Я взгромоздилась обоими коленями на подоконник. Осторожно встала, упершись ладонями в края оконного проёма. Пошире распахнула створки. Нежный ветерок с улицы шевелил складки моего платья, кружево рубашки, отдельные прядки волос, выбившиеся из причёски на висках. Я физически ощущала, как лёгкие короткие струйки воздуха проскальзывали по моему лицу, шее, кистям рук. Они завлекали, заигрывали, звали с собой – окунуться в поток ночного ветра.

«Извините, ребята, не сейчас», – мысленно отказала я им.

Гораздо актуальнее был для меня вопрос, выдержит ли мешок из костей и мяса, которым я временно распоряжаюсь, прыжок на мягкую почву с пятиметровой высоты. С одной стороны, расстояние небольшое, а посадка предполагается на область ухоженного газончика. С другой – ни одной нормальной физической тренировки за все семнадцать лет жизни тела. Когда она бегала в последний раз? В двенадцать лет, от собаки? Что, приличной девушке пристало быть изнеженной и слабой? Так принято в высшем обществе?… Хм, где она этого начиталась…

Всё ясно, с мадемуазель де Мюссе тоже придётся провести воспитательную работу. Если мы с ней сейчас выживем, конечно.

…Как странно: ворочать этот громоздкий ком плоти и знать, что на данном этапе я и он – одно и то же. Он – в чём-то и есть я. И если сломается он, я испытаю весьма существенный дискомфорт, пока не покину его вовсе…
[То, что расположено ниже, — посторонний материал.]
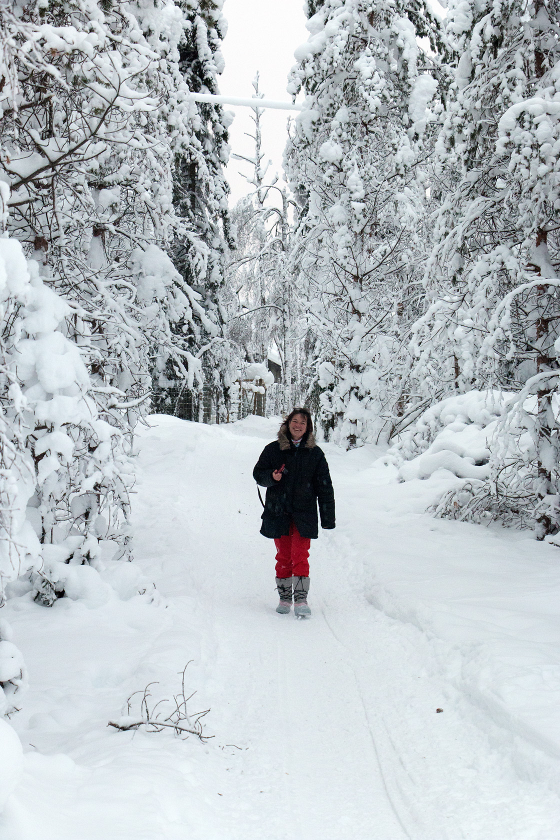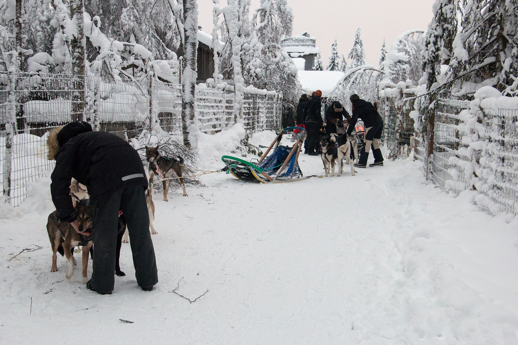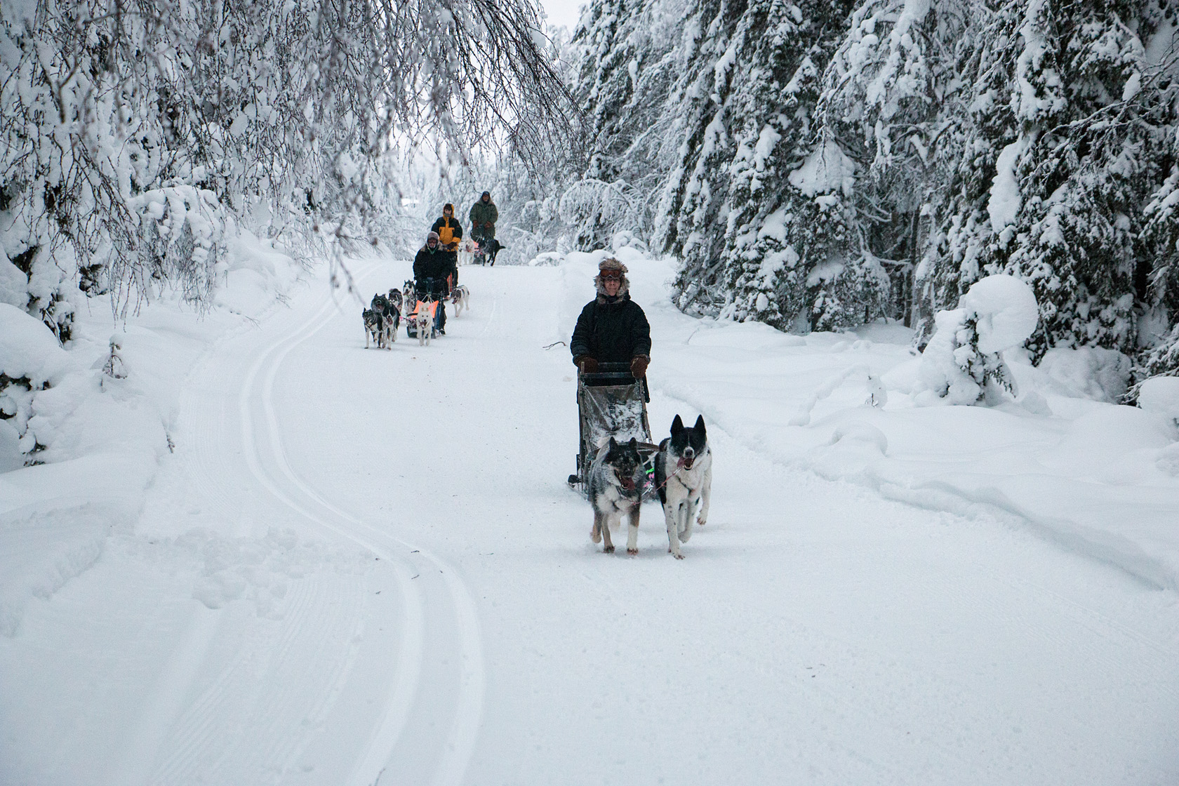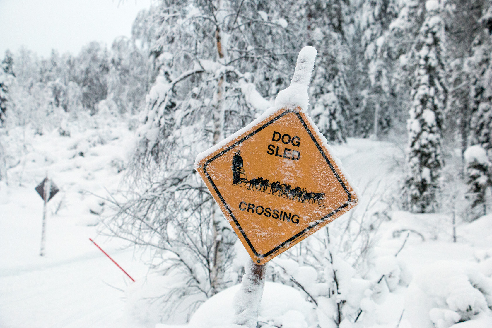 Vorbereitungen vor dem Hundeschlitten Fahren sind hektisch, laut und auch für das Personal der Unterkunft nicht ganz einfach zu bewältigen.Die Hunde werden extrem unruhig, es wird gut sichtbar weil sie zittern und völlig aufgeregt aufspringen oder bereits an den Schlitten reissen.Unsereins ist zuerst mal zu Fuss unterwegs. Wir geniessen den herrlichen Wintertag, den vielen Schnee.So macht es Freude! 😀Hinweisschilder entlang der Wege und…dort wo sich Hundeschlitten, Wanderer, Langläufer und Schneemobile kreuzen.Einzelne Bachläufe sind nicht zugefroren. Zu dieser Stelle gibt es noch eine Episode…Die erste Gruppe kommt von ihrer Hundeschlitten Tour zurück.Wir geniessen noch etwas die Ruhe abseits der Unterkunft.Von der Last der Winter geformt. Wir kennen das bei uns in den Alpen.Endlos scheint der Weg.

Нужно быть осторожной. И собранной. С минуту я красуюсь в оконном проёме, изображая собственный портрет в полный рост. А затем перехожу к активным действиям. Пытаюсь сгруппироваться. Конечности полусогнуты, подбородок прижат к груди. С силой отталкиваюсь от опоры и взмываю в воздух.

Земля стремительно кидается мне навстречу. Ах, если б люди могли летать! Инстинктивно раскидываю руки наподобие крыльев, как будто они способны удержать меня в воздухе. Отчаянно жажду замедлить падение. Что это? Земля, словно послушавшись приказа, резко сбавляет скорость сближения со мной. Вместо ожидаемого жёсткого удара ступни мягко встают на почву. Ни одной лишней пылинки на юбке. Ни один лишний локон не отделился от причёски. С запозданием пытаюсь осмыслить, что же только что произошло. Кажется, я сейчас волевым усилием сумела как-то повлиять на закон всемирного тяготения. Выходит, не такое уж оно и всемирное…
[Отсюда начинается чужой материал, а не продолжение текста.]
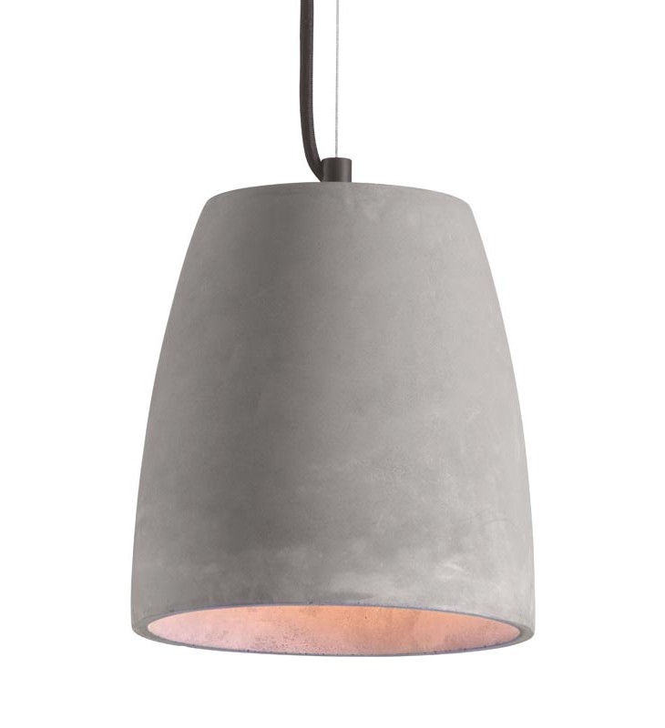 The Fortune ceiling lamp is made of of light-weight faux concrete in a sleek pint sized shape. Faux concrete finish is in a warm grey tone outside and inside of shade. Install alone for a industrial look for kitchen or bar areas or hang several in restaurants. Suspended wire with black mounting fixture and finished with black electrical cord. Bulbs not included. Bulbs sold seperately, Max Watt 60 W, Size E26, Type A19. UL approved and listed.

Попробую ещё раз: сжав кулаки, стиснув зубы, отчаянно желаю оторваться от твёрдой поверхности. Ну хоть на сантиметр приподняться над ней! Но огромное массивное небесное тело – планетка под ногами – вцепилась своей силой тяжести, как клещами. Видать, обиделась, что я минуту назад сумела её так ловко провести.

Ничего, я сдаваться не собираюсь. Ещё потренируюсь попозже.


Итак, мой первый выход в свет. Точнее, в тьму. Забавный каламбур… Пожалуй, понятие «свет» вообще мало применимо ко всем аспектам существования человеческого сообщества. Лишь тьма способна скрасить и облагородить убожество мест их обитания.

Я ступила на нечто, что днём выглядело как кривая тропа, зачем-то вымощенная угловатыми булыжниками. У них это называется: улица. Днём сия неровная поверхность по обеим сторонам ограничена сточными канавами, полными вонючих помоев. Над канавами громоздятся, налезая друг на дружку, разномастные строения: иные – поновее, другие – старые, растрескавшиеся, перекосившиеся, как и вся картина мира их обитателей. Хаос! Калейдоскоп. Сборище разрозненных осколков бытия.

Ночь – лишь она одна! – радикально меняет взаимоотношения частей, превращая их в гармоничное целое. Её вуали и флёры сливают все рукотворные рельефы в единый фантасмагорический ландшафт. Детали, на которые при свете дня неприятно обращать внимание, в темноте ночи просто исчезают из виду. Колыхание теней. Наложение друг на друга сгустков тьмы различной интенсивности. Ночь стирает грани между сиюминутным и бесконечным, между пошлым и изысканным, старым и новым, роскошным и убогим. Ночью в ходу совсем иные приоритеты и эпитеты. Ночью легче проникнуть в суть любой вещи, которая днём может надёжно скрываться за толстой скорлупой оценок, ярлыков, классификаций и дефиниций.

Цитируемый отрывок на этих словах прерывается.